DATA SUPPLIED:
====
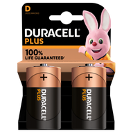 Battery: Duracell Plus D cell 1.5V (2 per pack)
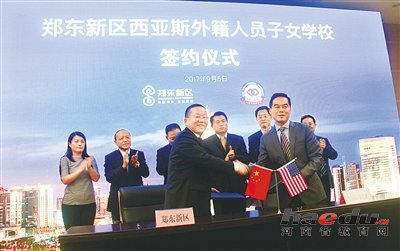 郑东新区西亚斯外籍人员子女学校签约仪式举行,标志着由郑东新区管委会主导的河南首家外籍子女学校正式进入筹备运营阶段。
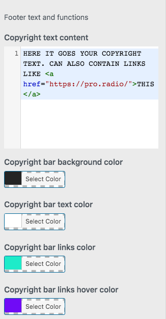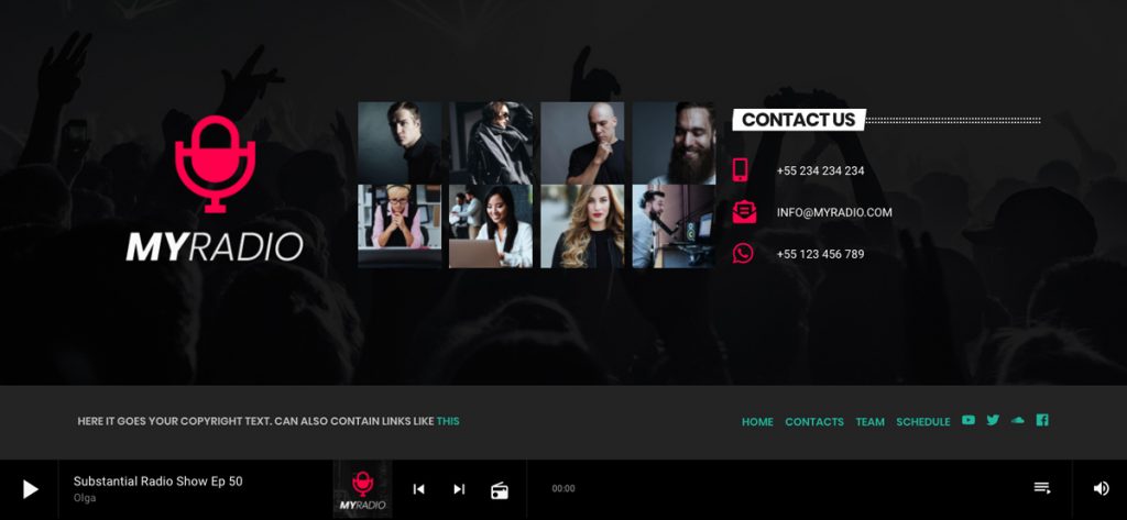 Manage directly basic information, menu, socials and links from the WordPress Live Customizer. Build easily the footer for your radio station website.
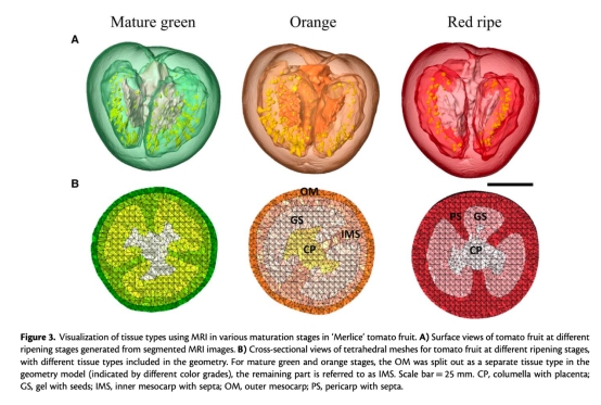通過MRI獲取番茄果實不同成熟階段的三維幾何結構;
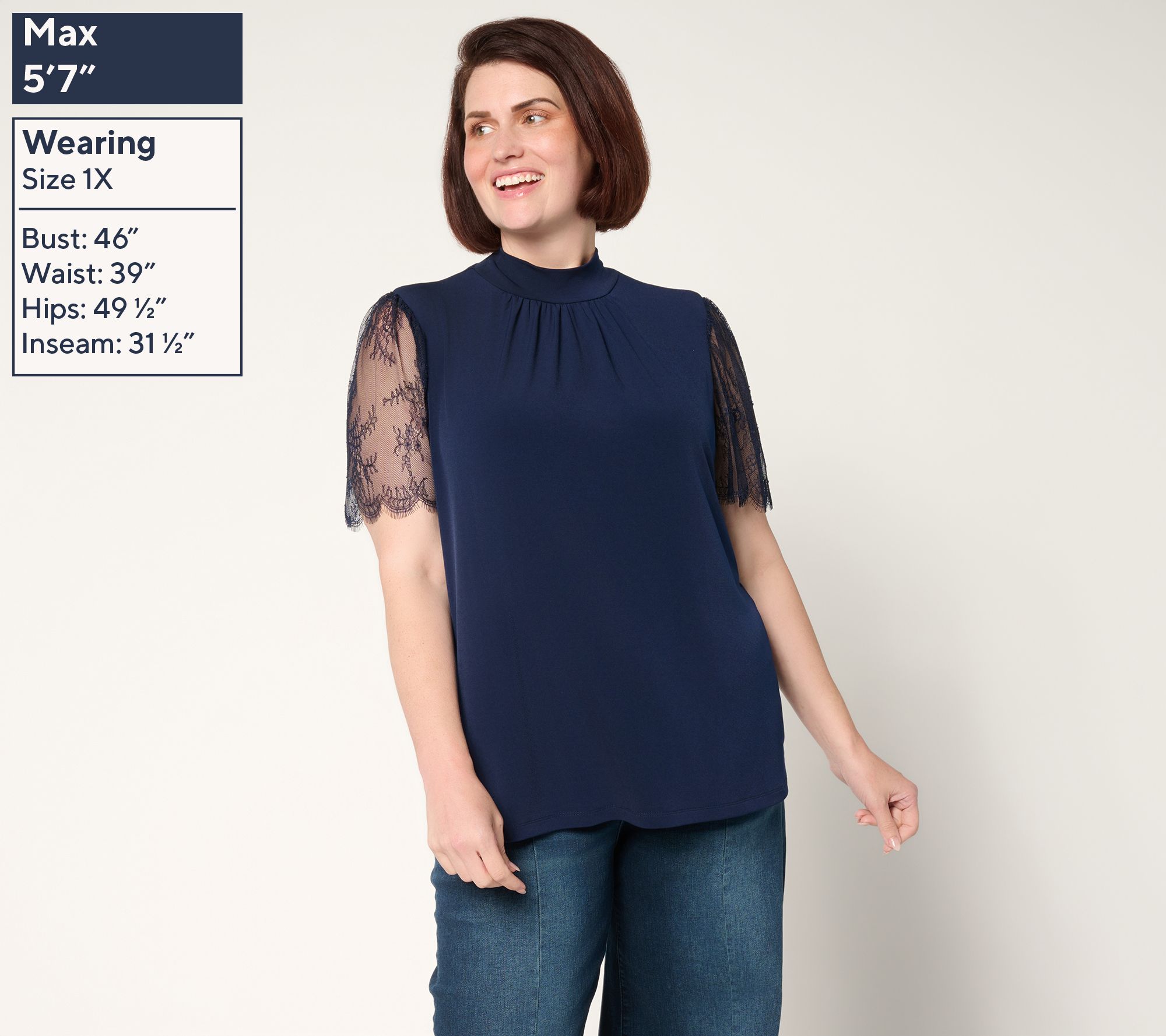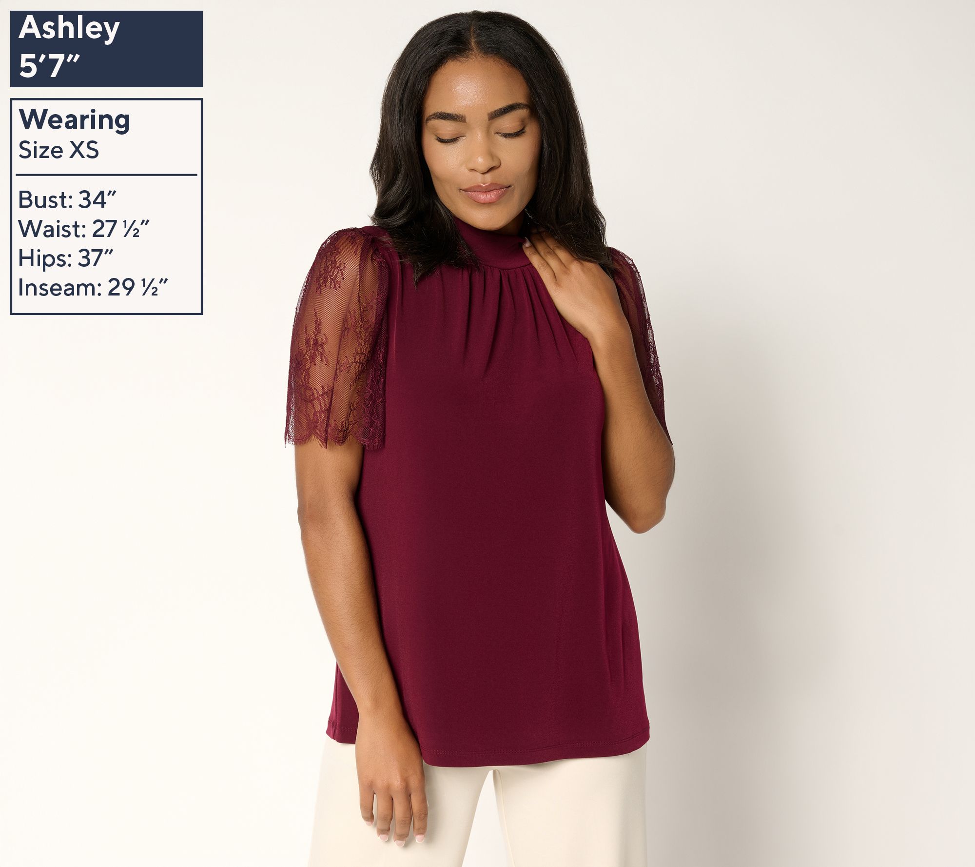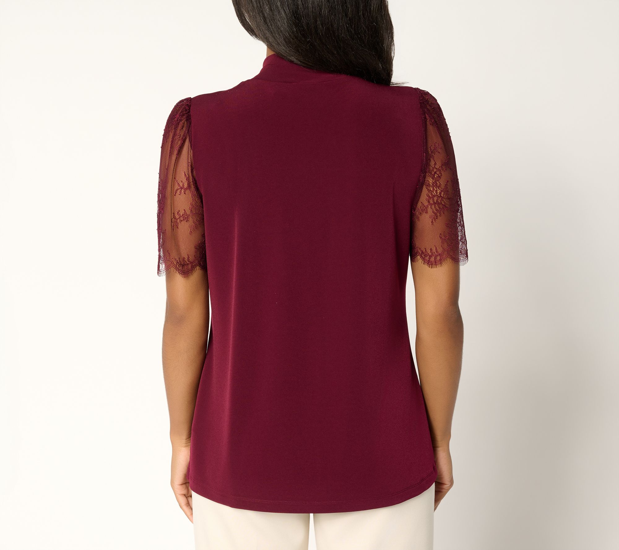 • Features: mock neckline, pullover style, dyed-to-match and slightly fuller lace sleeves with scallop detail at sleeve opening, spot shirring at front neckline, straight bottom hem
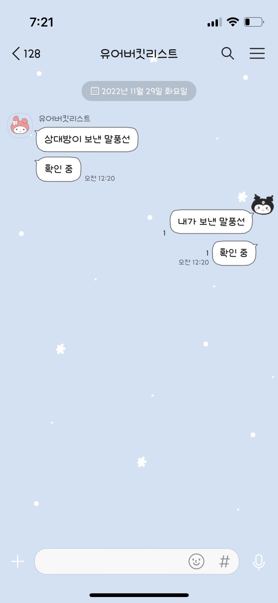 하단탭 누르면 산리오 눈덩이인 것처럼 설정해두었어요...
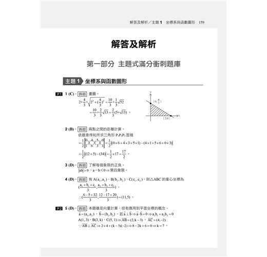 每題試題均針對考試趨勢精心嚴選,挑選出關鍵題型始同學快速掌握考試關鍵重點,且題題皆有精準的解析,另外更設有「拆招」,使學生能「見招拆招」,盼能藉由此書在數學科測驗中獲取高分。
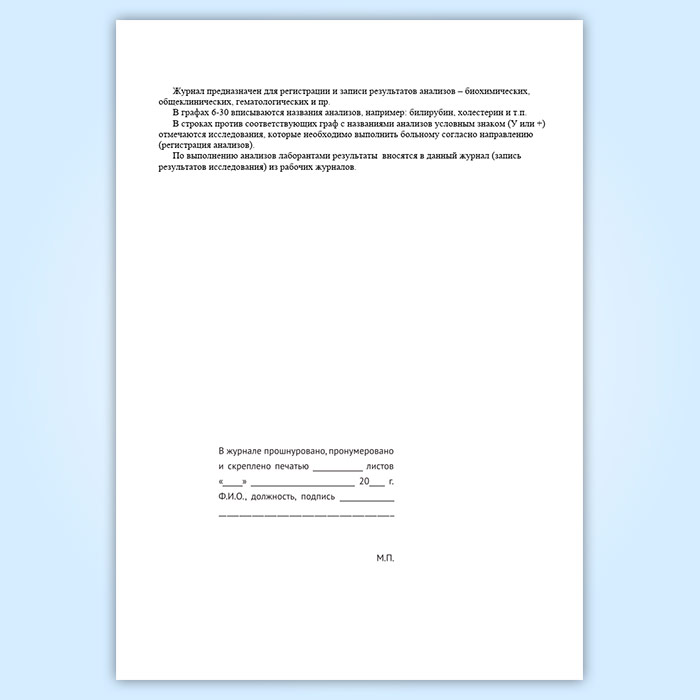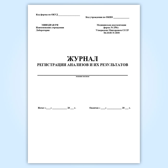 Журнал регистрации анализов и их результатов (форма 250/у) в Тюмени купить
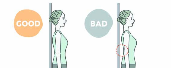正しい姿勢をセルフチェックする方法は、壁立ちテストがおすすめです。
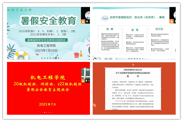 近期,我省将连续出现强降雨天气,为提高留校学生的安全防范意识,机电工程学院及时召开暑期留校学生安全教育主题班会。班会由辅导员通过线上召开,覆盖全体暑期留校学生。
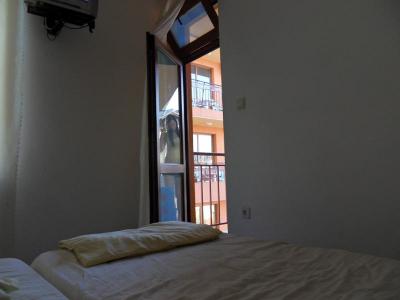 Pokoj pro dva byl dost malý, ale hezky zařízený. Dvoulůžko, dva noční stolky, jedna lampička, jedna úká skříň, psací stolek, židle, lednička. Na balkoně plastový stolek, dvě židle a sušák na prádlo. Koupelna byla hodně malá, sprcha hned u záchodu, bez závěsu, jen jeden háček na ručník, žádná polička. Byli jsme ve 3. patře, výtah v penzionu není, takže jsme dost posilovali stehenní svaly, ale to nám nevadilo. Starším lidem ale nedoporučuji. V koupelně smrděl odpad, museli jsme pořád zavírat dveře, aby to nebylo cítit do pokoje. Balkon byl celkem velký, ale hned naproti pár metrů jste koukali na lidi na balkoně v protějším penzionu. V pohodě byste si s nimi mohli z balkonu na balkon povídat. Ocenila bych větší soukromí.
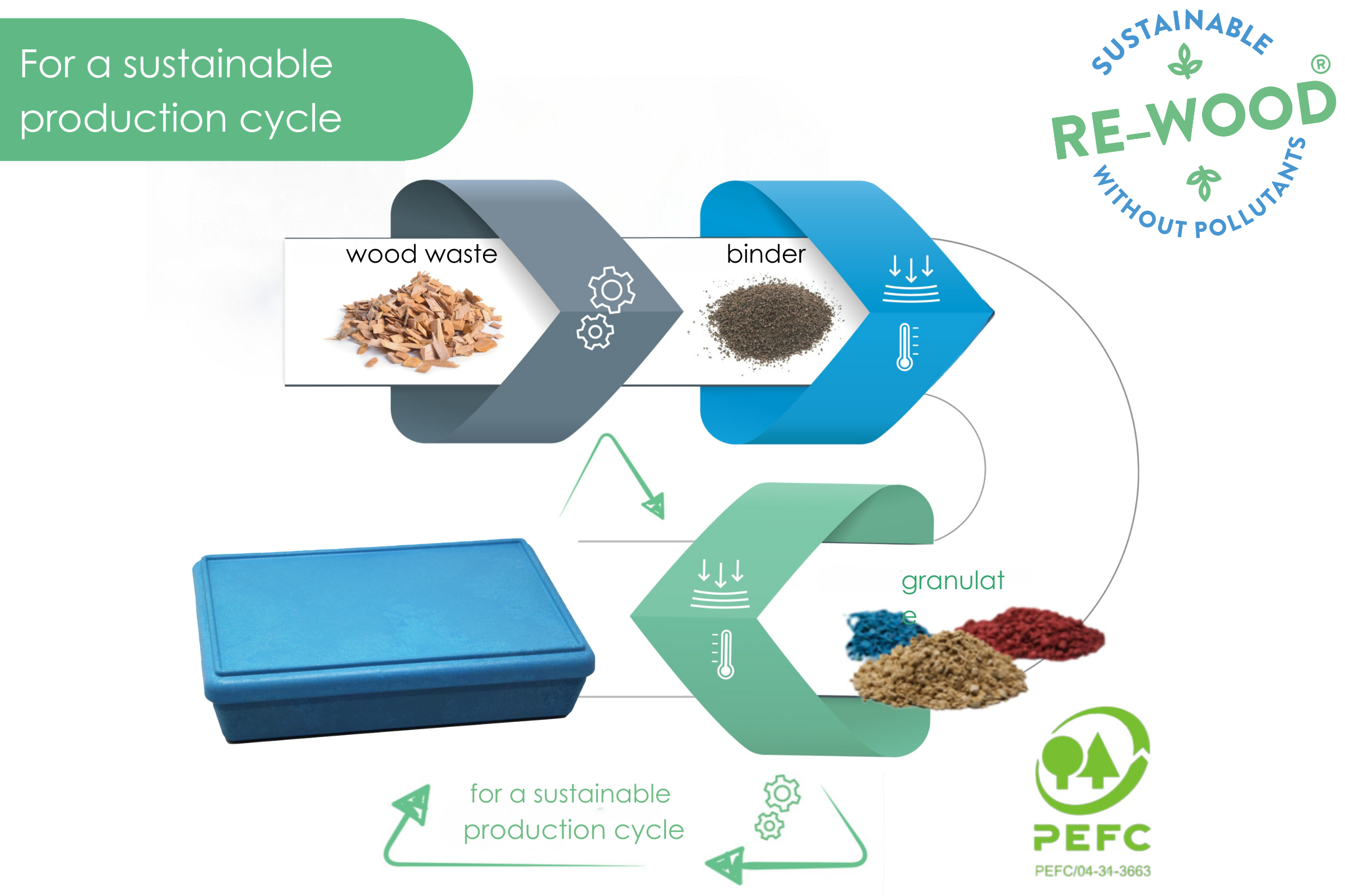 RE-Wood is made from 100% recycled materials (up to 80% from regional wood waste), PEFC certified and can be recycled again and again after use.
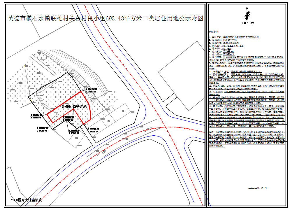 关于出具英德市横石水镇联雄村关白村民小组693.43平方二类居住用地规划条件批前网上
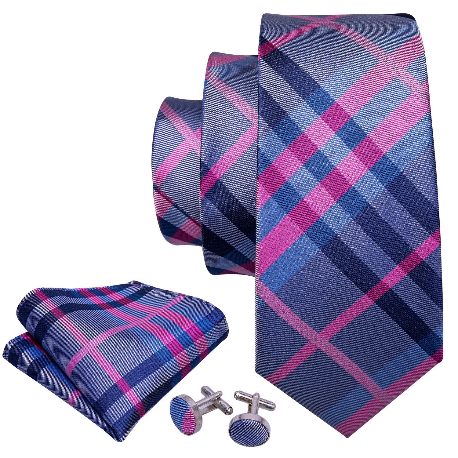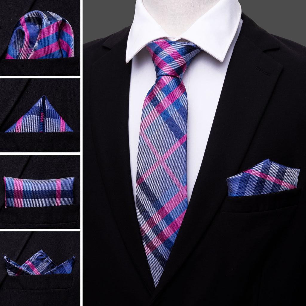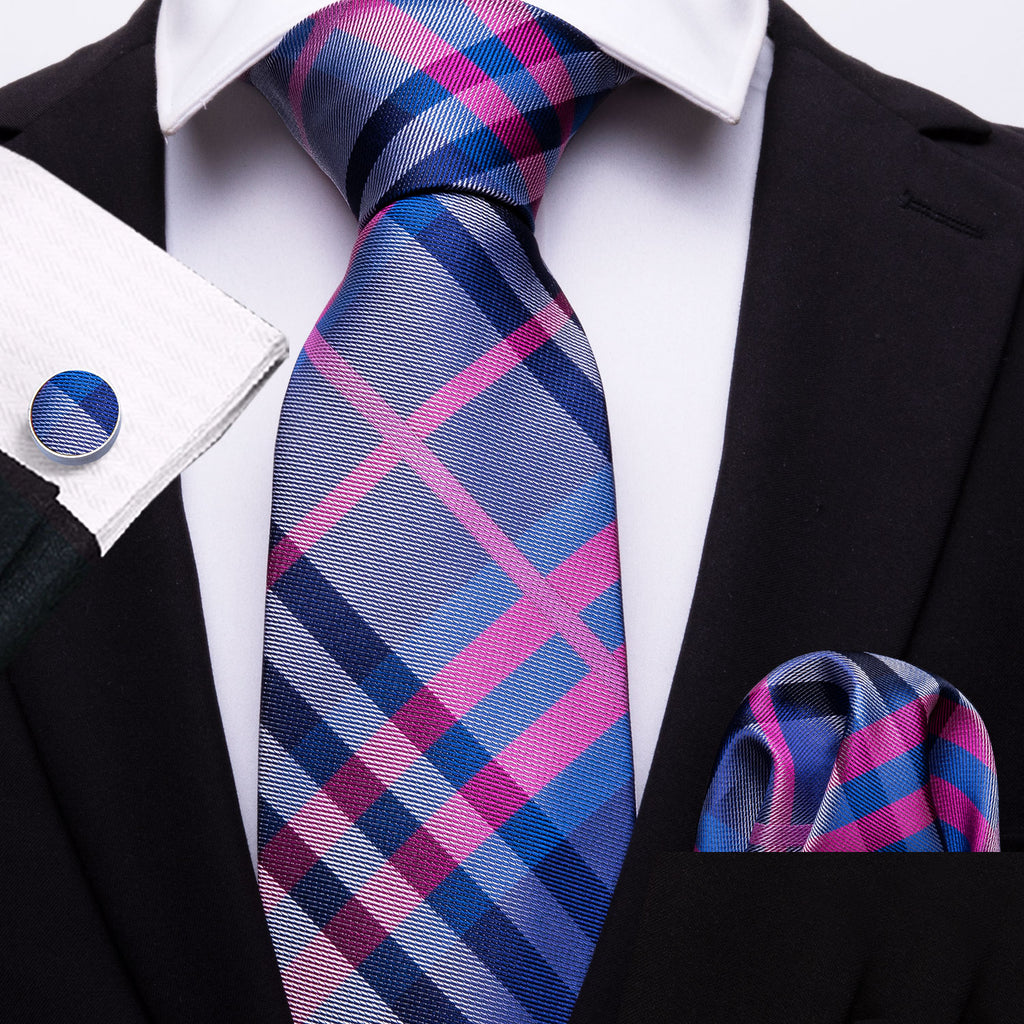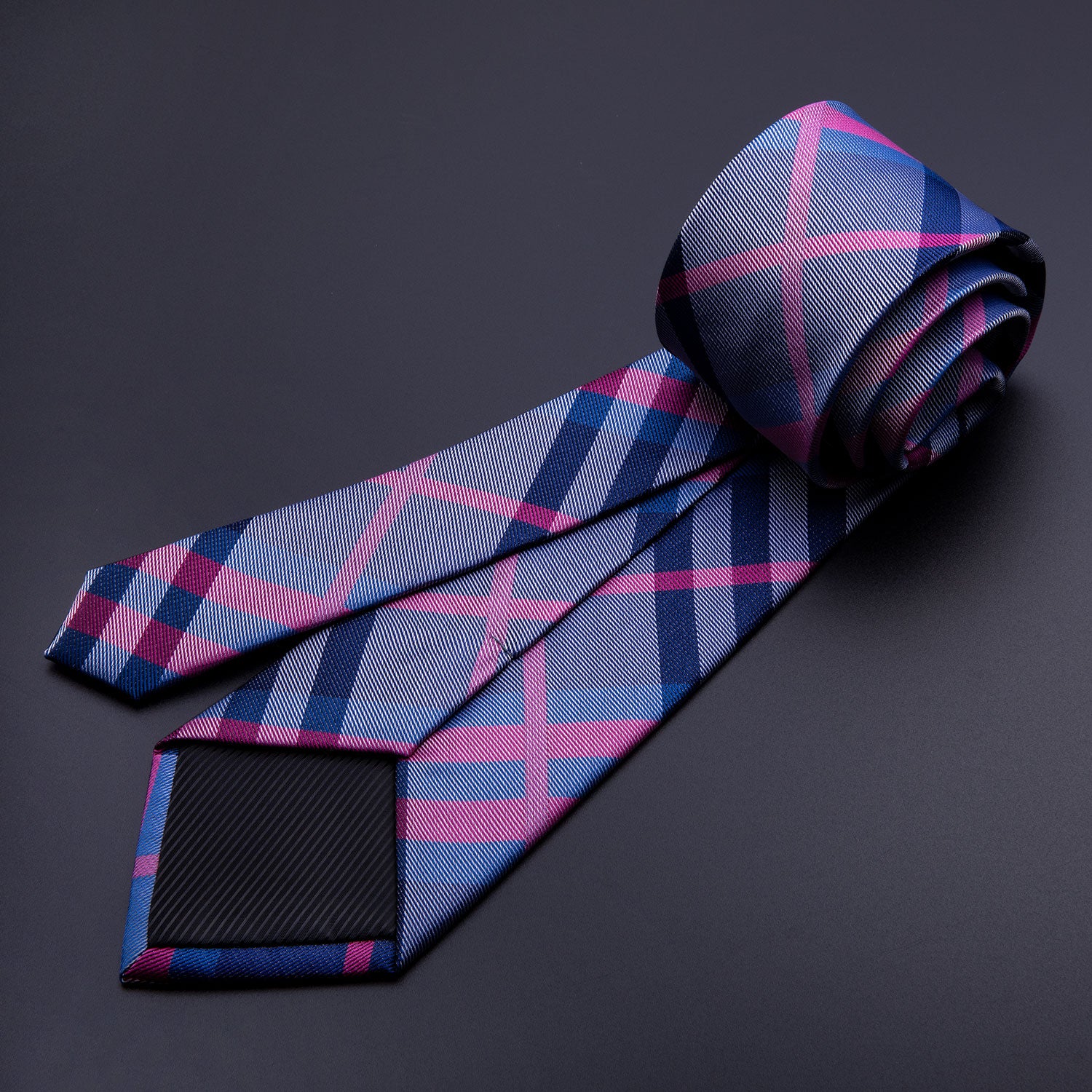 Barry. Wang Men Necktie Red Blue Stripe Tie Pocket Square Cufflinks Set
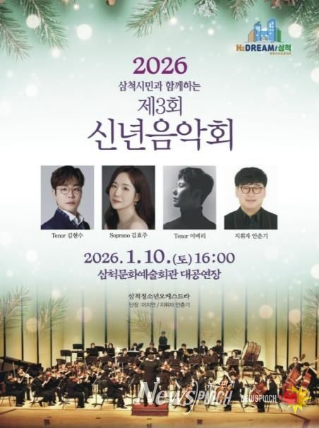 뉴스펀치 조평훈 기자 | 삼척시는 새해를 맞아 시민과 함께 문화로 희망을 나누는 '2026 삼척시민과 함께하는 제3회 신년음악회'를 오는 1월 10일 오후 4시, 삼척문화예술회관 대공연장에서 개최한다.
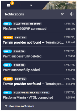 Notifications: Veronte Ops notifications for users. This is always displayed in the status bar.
====
AIM OF THE EXERCISE:
Leaving the pictures out, output each line of the listing exactly.

TASK RESULT:
 Battery: Duracell Plus D cell 1.5V (2 per pack)
 郑东新区西亚斯外籍人员子女学校签约仪式举行,标志着由郑东新区管委会主导的河南首家外籍子女学校正式进入筹备运营阶段。
 Manage directly basic information, menu, socials and links from the WordPress Live Customizer. Build easily the footer for your radio station website.
通過MRI獲取番茄果實不同成熟階段的三維幾何結構;
 • Features: mock neckline, pullover style, dyed-to-match and slightly fuller lace sleeves with scallop detail at sleeve opening, spot shirring at front neckline, straight bottom hem
 하단탭 누르면 산리오 눈덩이인 것처럼 설정해두었어요...
 每題試題均針對考試趨勢精心嚴選,挑選出關鍵題型始同學快速掌握考試關鍵重點,且題題皆有精準的解析,另外更設有「拆招」,使學生能「見招拆招」,盼能藉由此書在數學科測驗中獲取高分。
 Журнал регистрации анализов и их результатов (форма 250/у) в Тюмени купить
正しい姿勢をセルフチェックする方法は、壁立ちテストがおすすめです。
 近期,我省将连续出现强降雨天气,为提高留校学生的安全防范意识,机电工程学院及时召开暑期留校学生安全教育主题班会。班会由辅导员通过线上召开,覆盖全体暑期留校学生。
 Pokoj pro dva byl dost malý, ale hezky zařízený. Dvoulůžko, dva noční stolky, jedna lampička, jedna úká skříň, psací stolek, židle, lednička. Na balkoně plastový stolek, dvě židle a sušák na prádlo. Koupelna byla hodně malá, sprcha hned u záchodu, bez závěsu, jen jeden háček na ručník, žádná polička. Byli jsme ve 3. patře, výtah v penzionu není, takže jsme dost posilovali stehenní svaly, ale to nám nevadilo. Starším lidem ale nedoporučuji. V koupelně smrděl odpad, museli jsme pořád zavírat dveře, aby to nebylo cítit do pokoje. Balkon byl celkem velký, ale hned naproti pár metrů jste koukali na lidi na balkoně v protějším penzionu. V pohodě byste si s nimi mohli z balkonu na balkon povídat. Ocenila bych větší soukromí.
 RE-Wood is made from 100% recycled materials (up to 80% from regional wood waste), PEFC certified and can be recycled again and again after use.
 关于出具英德市横石水镇联雄村关白村民小组693.43平方二类居住用地规划条件批前网上
 Barry. Wang Men Necktie Red Blue Stripe Tie Pocket Square Cufflinks Set
 뉴스펀치 조평훈 기자 | 삼척시는 새해를 맞아 시민과 함께 문화로 희망을 나누는 '2026 삼척시민과 함께하는 제3회 신년음악회'를 오는 1월 10일 오후 4시, 삼척문화예술회관 대공연장에서 개최한다.
 Notifications: Veronte Ops notifications for users. This is always displayed in the status bar.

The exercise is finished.